The main hall contains seven large sculptures of Buddhas from past ages, a rare arrangement in Buddhist temples. The Buddhas are raised on an 87 cm high platform, with each of the seven inner bays holding one sculpture. In addition to Sakyamuni (the Buddha of the present age), the six other Buddhas represented are Vipashyin, Sikhin, Visvabhu, Krakucchanda, Kanakamuni and Kashyapa. Each of the seven Buddhas is flanked by two bodhisattvas, and a guardian king faces the south entry at each side of the altar. Behind the seven Buddhas, facing the back door, is a statue of Guanyin.
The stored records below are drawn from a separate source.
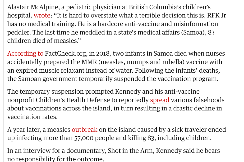83 inimese surma seostamine sellega, mida RFK jr aasta varem tegi või ei teinud on täiesti absurdne laim.
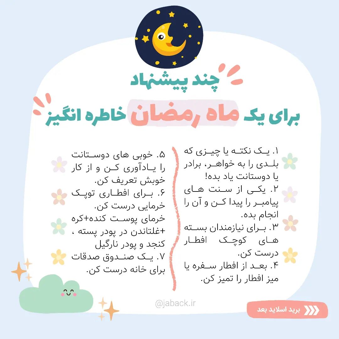 وقتی میگن ماه رمضون یاد چی میفتین ؟ حس الانمون نسبت به خیلی از مناسبت ها و ایام ویژه توی سال ارتباط مستقیمی داره با خاطره هایی که توی سنین پایین پدر و مادرهامون برامون ساختن.... با چندتا راهکار ساده میتونیم کاری کنیم بچه ها تا سال های سال حس و حال متفاوتی نسبت به ماه رمضون داشته باشن... شما کدوم یکی از پیشنهادهایی که دادیم رو انجام میدین ؟ . . #ماه_رمضان #روزه_کله_گنجشکی #سرگرمی_کودک #بازی_با_کوک #فرزندپروری #والدگری #والدین_نمونه #والدین_بخوانند #والدین_آگاه #کودک_شاد #کودک_سالم #تربیت_فرزند #تربیت_کودک #تربیت_دینی #تربیت_دینی_فرزند
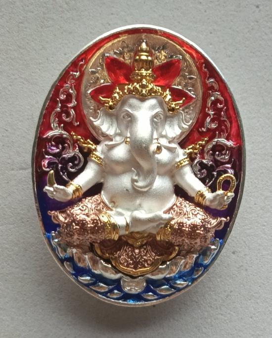 วัดใจเคาะเดียวแดงจ้า เหรียญหล่อพุทธศิลป์พระพิฆเนศ รุ่นห้ามจนตลอดชาติ เนื้อบรอนซ์ชุบ3K เหรียญลงยาสีรุ้ง เคาะเดียวแดงจ้า |
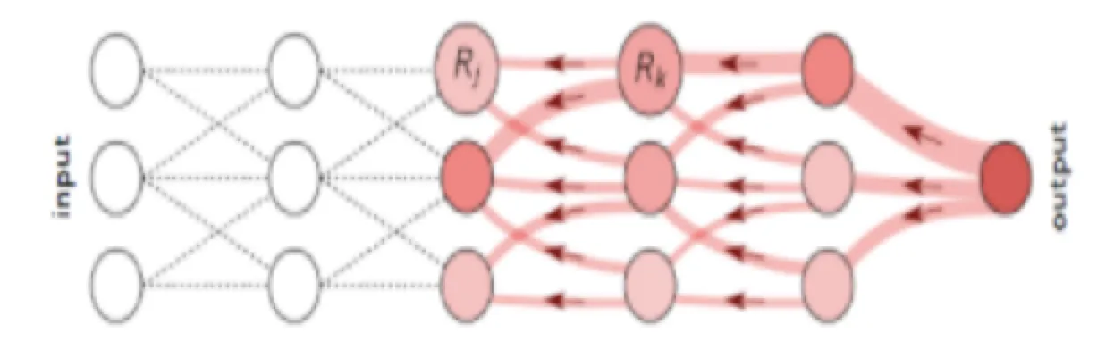 LRP를 통해 XAI를 구현하는 방법은 생각보다 간단합니다. 학습을 통해서 얻은 가중치와 편향값을 이용해서 각각의 Input layer 에서 Output layer에 영향을 끼치는 값을 계산하면 됩니다.

Only 20 interior pillars are used within the hall. There are four rows of columns in the hall, but an entire row (apart from the end pillars) has been eliminated in front of the Buddha statues, so as not to impede viewing. The bracket sets on the outside of the hall are all seventh rank, the highest. The main hall is the earliest Chinese building that uses bracket sets in between columns instead of just simple struts. The structure of the hall uses more than 30 types of timber pieces in between the column tops and the roof.

==The Present==
In 2013, Fengguo Temple was placed on China's tentative list for UNESCO World Heritage Site consideration, along with the Pagoda of Fogong Temple.

Although Fengguo Temple is not explicitly mentioned by name, in Jung Chang's best-selling autobiography Wild Swans the author tells how her grandparents first met there, in a "casual" encounter arranged by her great-grandfather in 1924.